Archive for January, 2010

What’s a little poison between friends?

Friday, January 29th, 2010

To quote whatever the heck news source published the following tidbit that I accidentally stumbled upon and thought worthy of your attention:

“Black lab Bronson’s owner, Deborah Allen, trundled home from the nearby fields with a poisonous reptile hanging from his face.

Poor Puppy. :(

Bronson is often bringing objects he finds in the fields back to his owners’ farmhouse at Yarragon, near Melbourne, Australia, but the day he brought home the deadly copperhead snake topped them all for Deborah and her husband Peter.

The snake’s tail was in Bronson’s mouth, its body was wrapped around his jaw and the reptile’s head was dangling down between the dog’s feet.

Deborah and Peter were terrified that the snake might raise its fangs and give Bronson a deadly bite, but it appeared to have come off the worst in the battle between canine and reptile and was in a dazed state.

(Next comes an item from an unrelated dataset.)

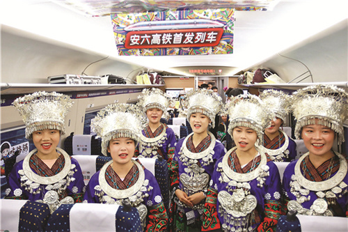 少数民族旅客载歌载舞庆祝高铁开通运营。

‘The first thing we did was grab a camera and take a picture, because this had to be believed,’ said Deborah. ‘The look on Bronson’s face left us in no doubt he was feeling very sad about having his mouth clamped shut by the snake’s body.

‘You could see by his expression that he just wanted the picture session to be over with as soon as possible.’”

Yes. He was hoping you’d get past the pictures and get on to the snake removal.

However, when Bronson didn’t realize is that the first thing you do when a snake bites you or a pet is take a photo of it. That’s snake bite 101. Snake bite = photo time.

Better yet, bust out your video camera and take your best shot at “America’s Funniest Home Videos.”

Imagine the hilarious voice-over they’d give this venomous situation! A veritable laugh riot! Hilarious stuff!

So anyway…

The couple were eventually able to remove the snake by lowering a grain bag to the ground and then pulling it up over the reptile, while at the same time pulling its body from Bronson’s mouth.  ’As soon as I said “give” Bronson dropped the snake right into the bag and we sealed up the ends.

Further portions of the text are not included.